CLUSTER_VERSION=$(aws eks describe-cluster --name "$CLUSTER_NAME" --region "$AWS_REGION" --query 'cluster.version' --output text 2>/dev/null) || error_exit "EKS cluster $CLUSTER_NAME not found in $AWS_REGION"
log "EKS cluster version: $CLUSTER_VERSION"
if [[ "$CLUSTER_VERSION" < "1.31" ]]; then
error_exit "EKS cluster version $CLUSTER_VERSION is unsupported. Karpenter 1.2 requires EKS 1.28+"
fi
# Step 3: Create IAM roles for Karpenter
log "Creating IAM roles for Karpenter..."
# Karpenter controller role
CONTROLLER_ROLE_NAME="KarpenterControllerRole-$CLUSTER_NAME"
aws iam create-role --role-name "$CONTROLLER_ROLE_NAME" --assume-role-policy-document '{"Version":"2012-10-17","Statement":[{"Effect":"Allow","Principal":{"Service":"eks.amazonaws.com"},"Action":"sts:AssumeRole"}]}' 2>/dev/null || log "Controller role $CONTROLLER_ROLE_NAME already exists"
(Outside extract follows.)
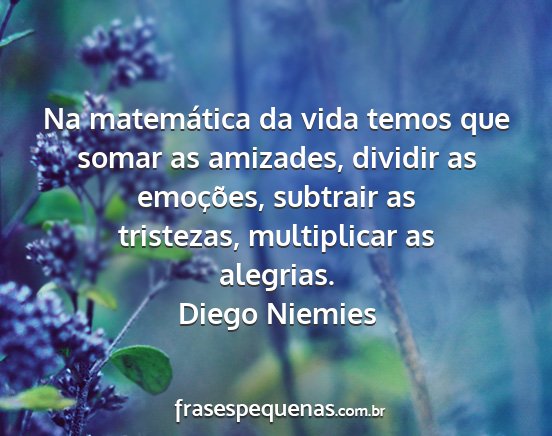 Na matemática da vida temos que somar as amizades, dividir as emoções, subtrair as tristezas, multiplicar as alegrias.Diego Niemies
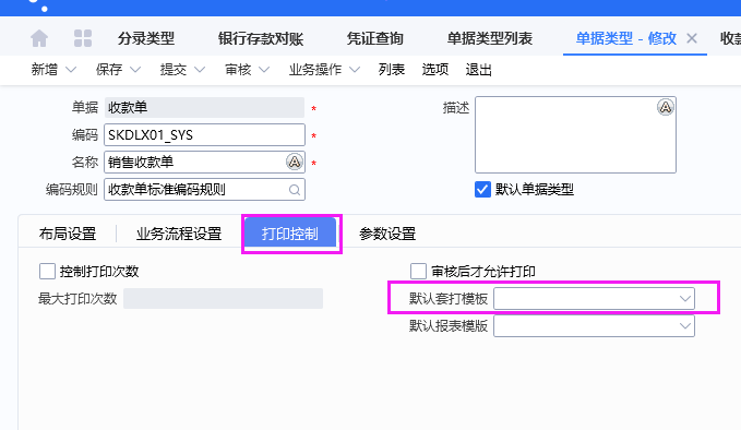 2、左侧依次展开【出纳管理】-【收款单】,选择收款单后点击对应的单据类型进入,反审核后修改点击【打印控制】页签,取消默认套打模板,设置完毕后重新提交审核,其他相关的单据类型设置类似。

aws iam attach-role-policy --role-name "$CONTROLLER_ROLE_NAME" --policy-arn arn:aws:iam::aws:policy/KarpenterControllerPolicy-1-2 2>/dev/null || error_exit "Failed to attach Karpenter controller policy"
# Node role
NODE_ROLE_NAME="KarpenterNodeRole-$CLUSTER_NAME"
aws iam create-role --role-name "$NODE_ROLE_NAME" --assume-role-policy-document '{"Version":"2012-10-17","Statement":[{"Effect":"Allow","Principal":{"Service":"ec2.amazonaws.com"},"Action":"sts:AssumeRole"}]}' 2>/dev/null || log "Node role $NODE_ROLE_NAME already exists"
aws iam attach-role-policy --role-name "$NODE_ROLE_NAME" --policy-arn arn:aws:iam::aws:policy/KarpenterNodePolicy-1-2 2>/dev/null || error_exit "Failed to attach Karpenter node policy"
# Step 4: Add Karpenter Helm repo and update
log "Adding Karpenter Helm repository..."
helm repo add "$HELM_REPO_NAME" "$HELM_REPO_URL" 2>/dev/null || helm repo set "$HELM_REPO_NAME" "$HELM_REPO_URL"
helm repo update || error_exit "Failed to update Helm repositories"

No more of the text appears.